Dimethyl-9-fluorylamine was obtained by warming 9-bromofluorene with excess of 20% aqueous-alcoholic dimethylamine at 70–80o for 3 hours, and pouring the product into water. The base, which was extremely soluble in anhydrous solvents, and tended to separate as an oil from aqueous alcohol, was most easily purified by distillation as stated above (Found: C, 86.0; H, 7.3. C15H15N requires C, 86.1: H, 7.2%). Its picrate crystallised from alcohol in leaflets, m.p. 203–204o (Found: C, 57.5; H, 4.3. C21H18O7N4, requires C, 57.3; H, 4.1%).
Fluoryl-9-triethylanammonium Salts.–Bromofluorene (6.1g.), triethylamine (6 c.c.), and alcohol (15 c.c.) were heated together under reflux on the steam-bath for 3 hours. The quaternary ammonium bromide wag precipitated by addition of ether, redissolved in alcohol, and reprecipitated with ether. The picrate, prepared from the bromide and aqueous sodium picrate, crystallised from alcohol in plates, m.p. 166o (Found: C, 60.5; H, 5.2. C25H26O7N4 requires C, 60.7; H, 5.3%).

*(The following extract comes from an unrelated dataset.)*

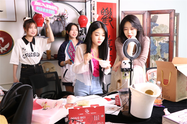 決賽現場,20名參賽選手在精心裝飾的直播間裏,熱情地向線上觀眾推薦樺川農特產品,為樺川縣電商發展注入新動能。在選品方面,組委會嚴把質量關,星火大米、冠三川山藥煎餅、小夥伴東北辣椒醬、東北小米、乾貨等一眾農特產品成了「搶手貨」。直播間裏,大家各盡所能、各顯神通,或現場試吃,或即興表演,生動地講解與看得見的「體驗」吸引了手機另一端的萬千觀眾,大家紛紛在線上下單購買,熱烈的氣氛「引燃」直播間,成為一道道亮麗的風景線。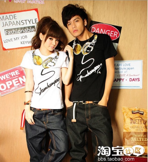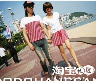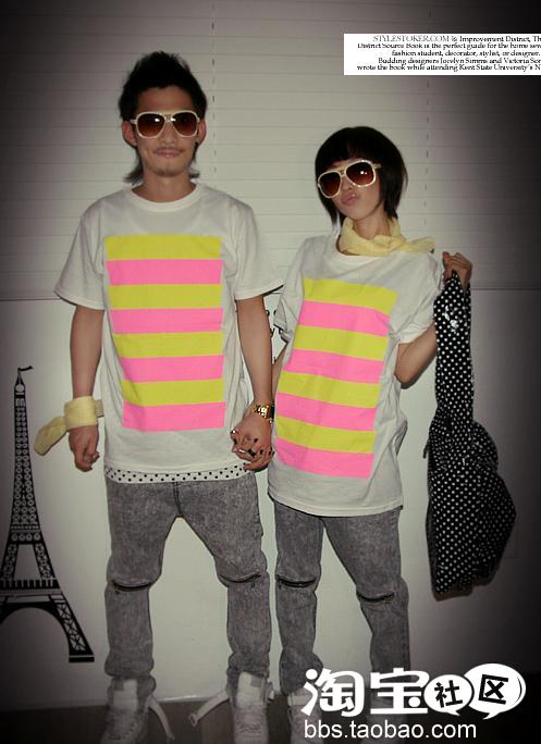 天气酷热 ,情侣们也要与众不同穿出自己的个性。

Decmposition of Fluoryl-9-triethylammonium Hydroxide.–The purple solution of the hydroxide was distilled as in the preceding case, with parallel results except that diethyl-9-fluorylamine was not obtained. Triethylamine picrate had m.p. 175o (Jerusalem, J., 1909, 95, 1281, records 173o ). Bis-oo'-diphenylylene-ethylene (Found: C, 94.7; H, 5.0%) had m.p. and mixed m.p. 189–190o , i.e., 194–195o corr. (Graebe and Maritz, Annalen, 1896, 290, 241, record 187–188o corr.).